[Dataset items]

┄┄┄┄┄┄┄┄┄┄

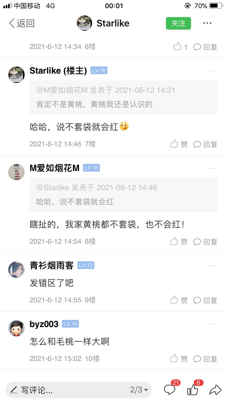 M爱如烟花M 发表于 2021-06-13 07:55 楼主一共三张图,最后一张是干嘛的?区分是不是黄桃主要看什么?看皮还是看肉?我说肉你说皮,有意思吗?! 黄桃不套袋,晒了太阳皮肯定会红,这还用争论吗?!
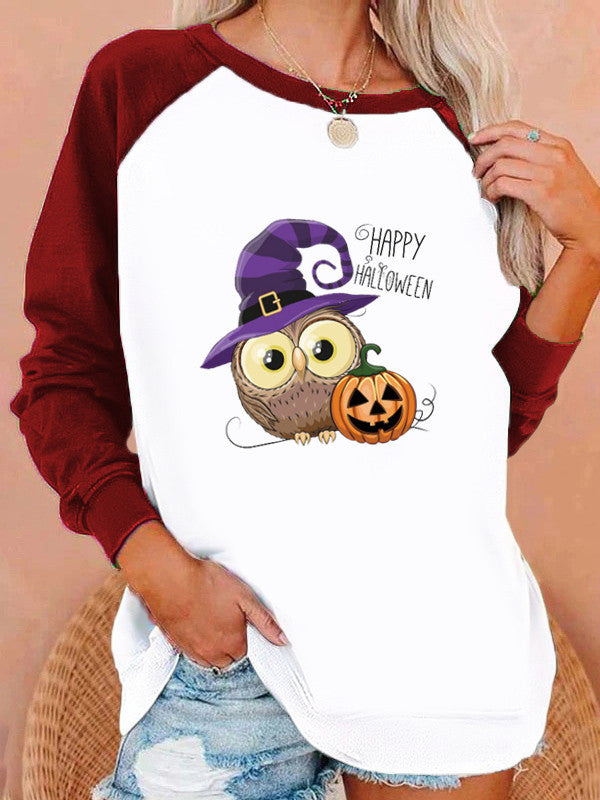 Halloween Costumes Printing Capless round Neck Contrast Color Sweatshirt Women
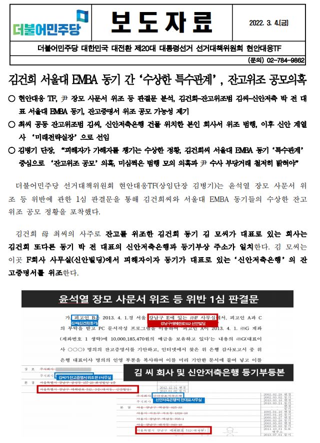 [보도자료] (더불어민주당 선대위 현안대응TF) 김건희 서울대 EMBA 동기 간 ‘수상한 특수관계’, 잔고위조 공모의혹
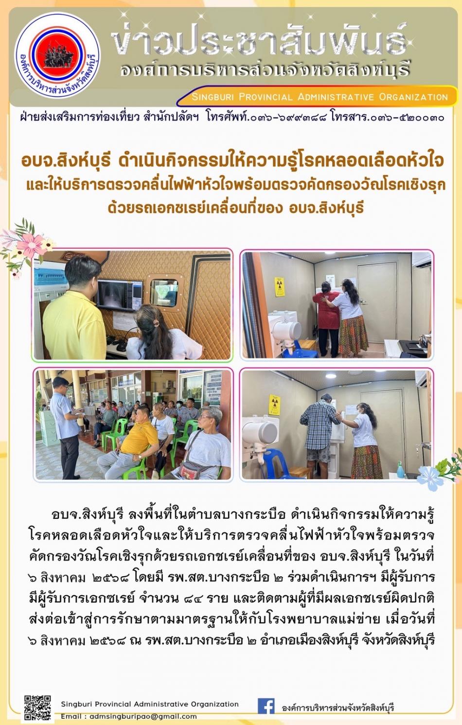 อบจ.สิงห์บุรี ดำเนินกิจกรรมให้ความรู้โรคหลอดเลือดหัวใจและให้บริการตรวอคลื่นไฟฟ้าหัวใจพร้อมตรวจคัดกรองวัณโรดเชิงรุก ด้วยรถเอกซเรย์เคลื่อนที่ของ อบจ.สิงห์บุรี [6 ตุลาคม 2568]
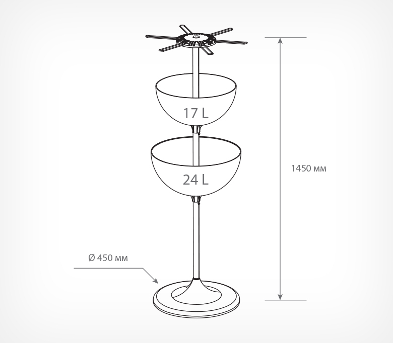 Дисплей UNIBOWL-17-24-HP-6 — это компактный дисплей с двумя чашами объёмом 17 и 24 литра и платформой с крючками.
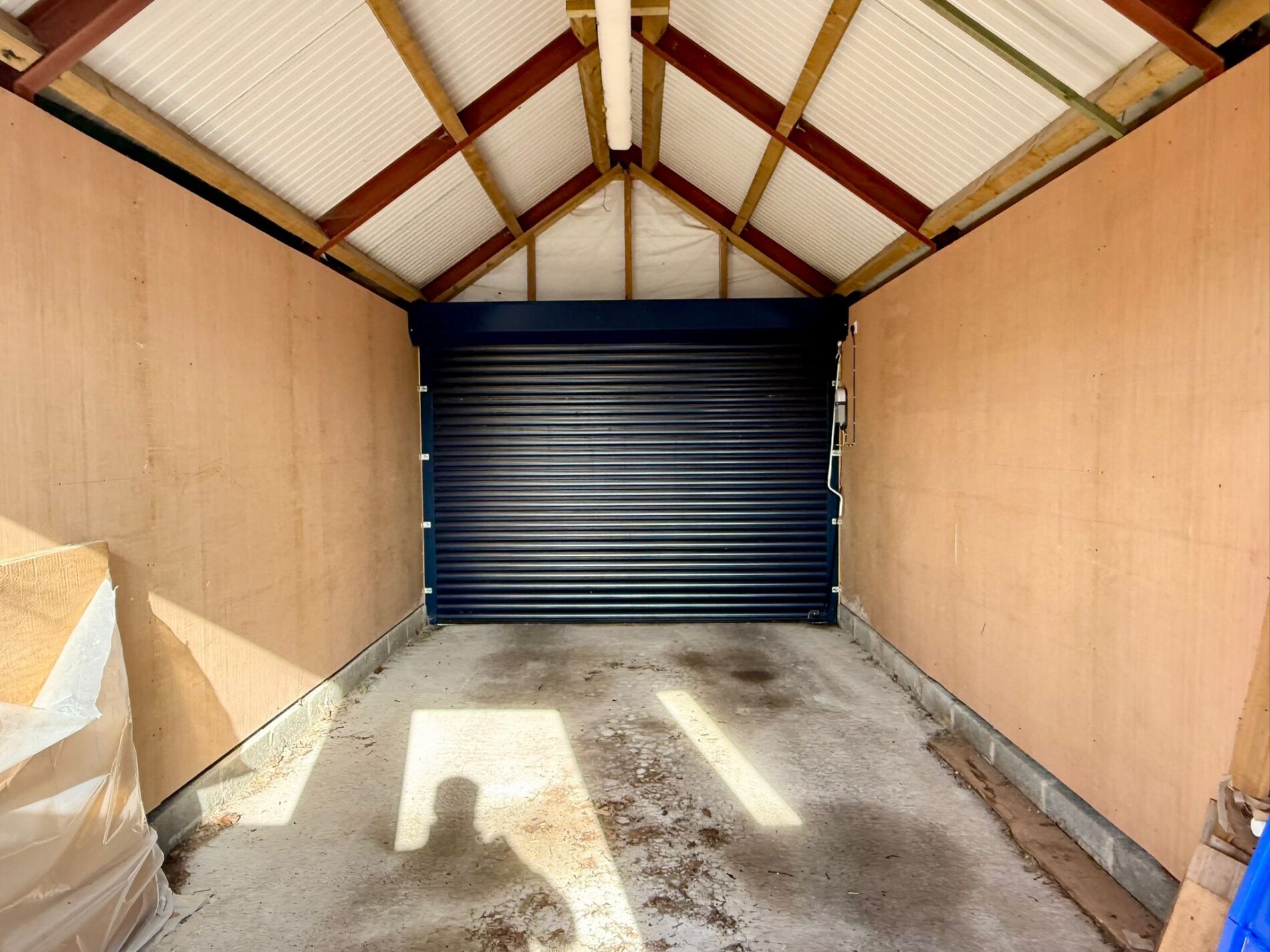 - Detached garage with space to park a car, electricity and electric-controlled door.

┄┄┄┄┄┄┄┄┄┄

The answer is the lines above, word for word, from the first one through the one containing "[보도자료] (더불어민주당 선대위"; it includes no pictures.

◆ Written response
 M爱如烟花M 发表于 2021-06-13 07:55 楼主一共三张图,最后一张是干嘛的?区分是不是黄桃主要看什么?看皮还是看肉?我说肉你说皮,有意思吗?! 黄桃不套袋,晒了太阳皮肯定会红,这还用争论吗?!
 Halloween Costumes Printing Capless round Neck Contrast Color Sweatshirt Women
 [보도자료] (더불어민주당 선대위 현안대응TF) 김건희 서울대 EMBA 동기 간 ‘수상한 특수관계’, 잔고위조 공모의혹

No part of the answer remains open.